Set everything up, get the mac mini to auto login and mount a shared drive, then run a little script that uses selenium to open a browser and show pre-determined images of the stuff want to display, all stored on the same shared drive, done….
Fast forward a couple of years and you now have a lot more to display on a lot more screens, but what are you going do? It’s impractical – and expensive – to buy a bunch of mac minis just to run a script that opens a web browser. The end goal of all this is to have dashboards that are easily manageable by their respective teams.
Have you heard of this new Raspberry Pi thing. Its a small ARM PC that’s the size of a credit card, and they’re cheap.
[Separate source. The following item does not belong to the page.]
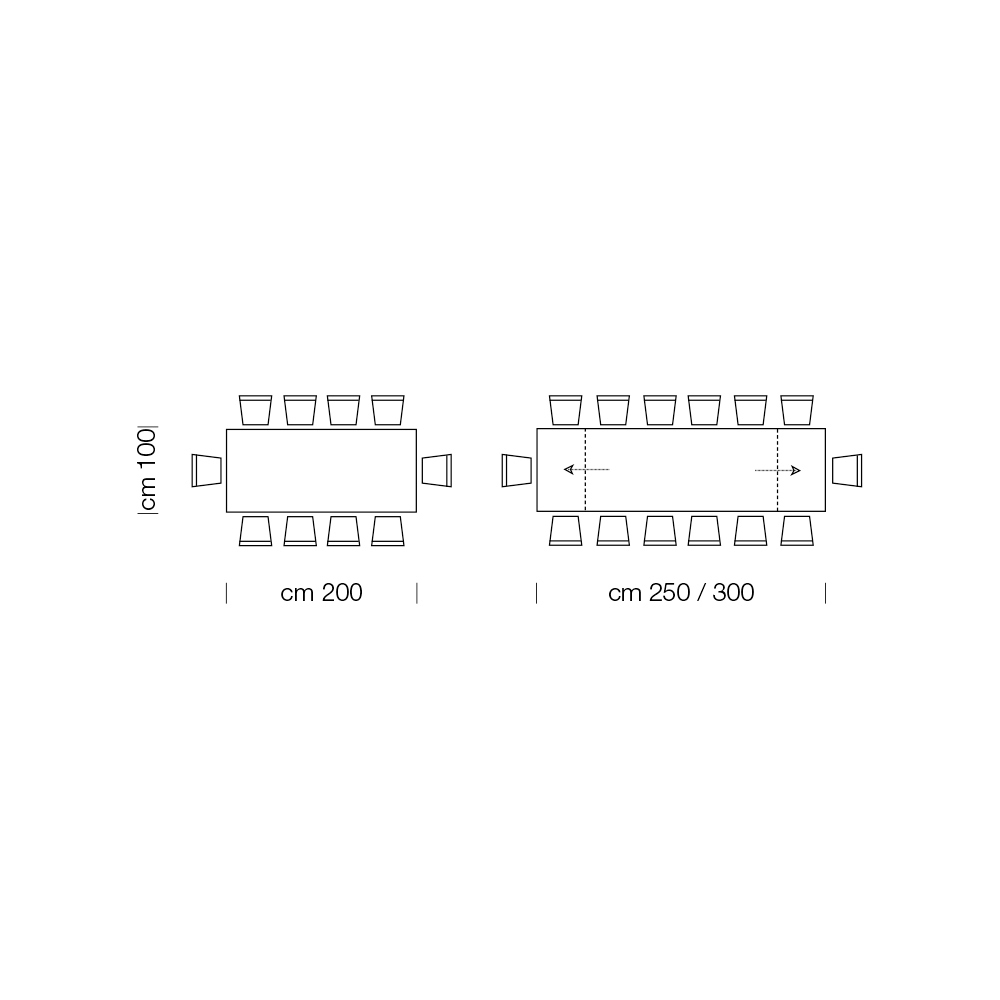 L 200 (300) x P 100 x H 76,5 cm 14 places extensibles par 2 rallonges extérieures de 50 cm.

What they’re also USB powered? Bonus now we can just power them from the TV itself and when the TV comes on the pi comes on. Now we just replace the mac mini with the pi and run the same script when it boots and we’re all done. Wait not so fast, the share isn’t public so we need a credentials to connect. That’s OK we can store them in a file locally and use fstab to connect. Yeah that works but we want to display different things on different screens so now I have to create different scripts and manually tell each Pi which one to use. OK that’s not too bad, the first time you set up each one just point it to the script it needs to run and then you can just update the script and reboot the pi. So far its shaky but it works, sometimes. One of the problems was that sometimes it would try to run the script on the network share before it was mounted properly and also running a script or (multiple at this point) over the network on a device with the processing power of about 7.4 hamsters isn’t really going to cut it. I’m getting tired of crowbarring fixes into something that wasn’t really designed for this use and troubleshooting seemingly random issues.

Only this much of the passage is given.